I often hear traders throwing around terms like an "overbought" market that is due to fall or an "oversold" stock that has to bounce back sometime. I've learned through experience that the best uptrends stay overbought and the nastiest downtrends stay oversold. In fact, that's where the most potent leg of a trend tends to occur.
When Apple Computer (AAPL) started to break out on the success of its iPod music player on September 3, the market was still in a bit of a pre-election funk. Even though most stocks underwent a correction in mid-to-late October before the surge in November, but Apple made continued upside progress.

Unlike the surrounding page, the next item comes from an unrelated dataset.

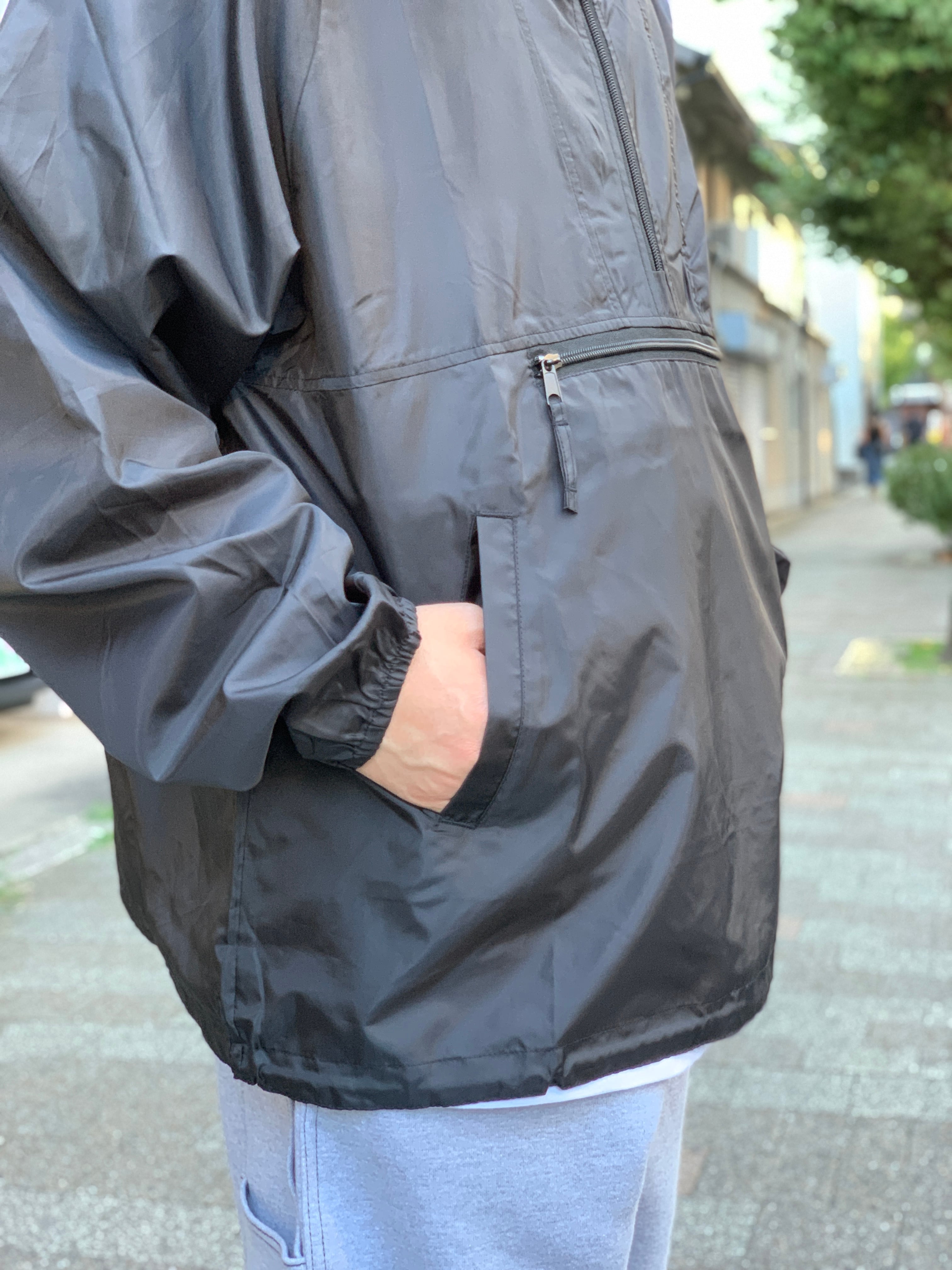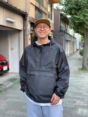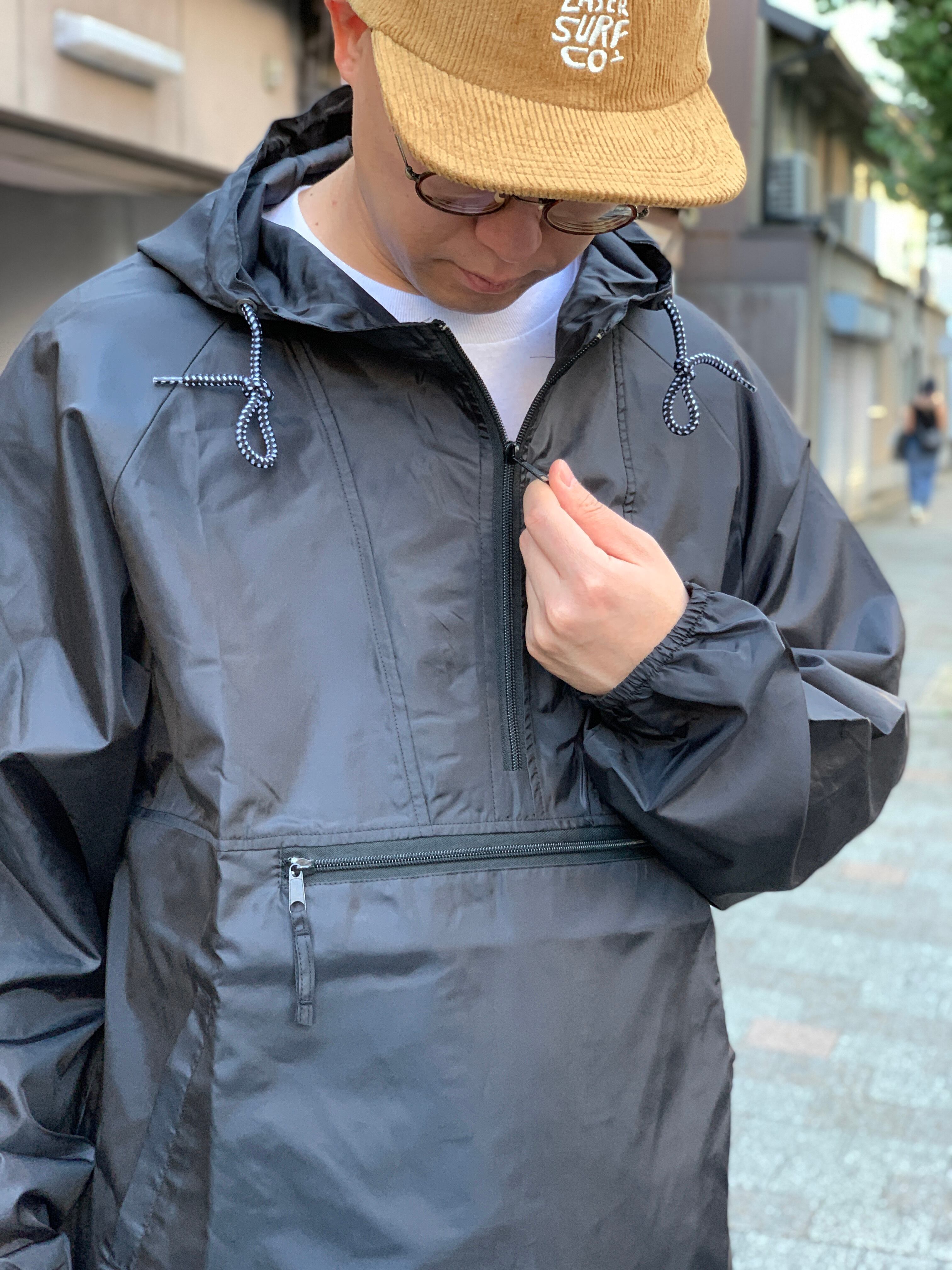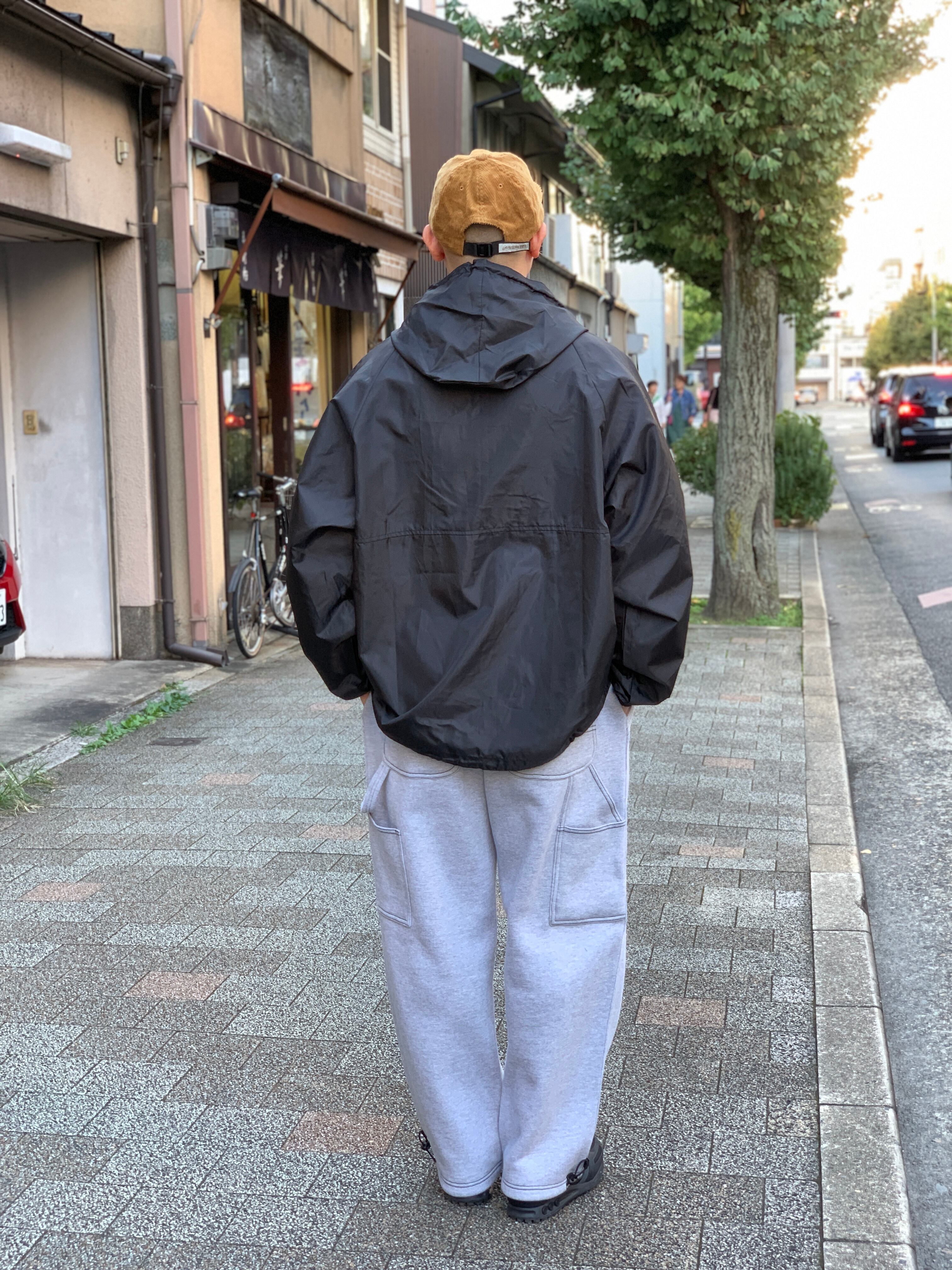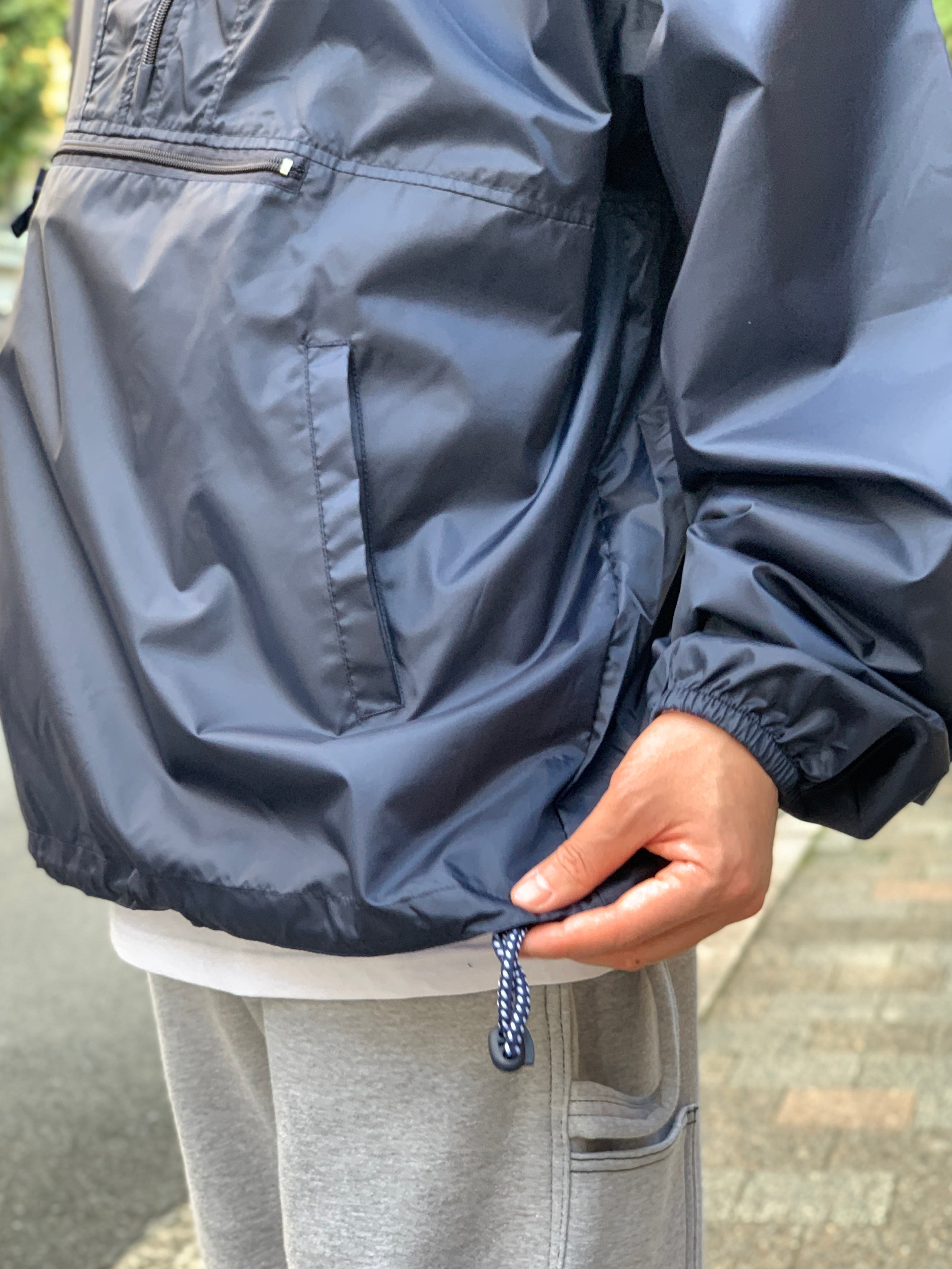 Wind and Water resistant.という訳で耐水性があるのも有難いし、身頃のゆったりとしたリラックスフィットなので雲行きの怪しい時はざっくり羽織るのがオススメ。
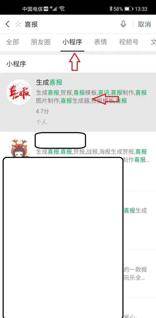 1、打開手機微信,點擊搜索,彈出點擊喜報,進入。

This persistent price strength was first signaled when Apple shares went above the 80% mark on the 21-day %K Stochastics on September 3 with a high that day at 35.92 and two trading days later closed above 35.92 to confirm the uptrend was unusual and likely to keep heading higher. Many pointed to evidence of overbought indicators like Stochastics as evidence of a likely decline to come. Never mind that they were fighting the breakout above my Acceleration Bands (20-day Acceleration Bands in red on lower half of chart, and 80-day Acceleration Bands in green - also I've plotted the 20-day Bollinger Bands in magenta to show how they differ from the red Acceleration Bands).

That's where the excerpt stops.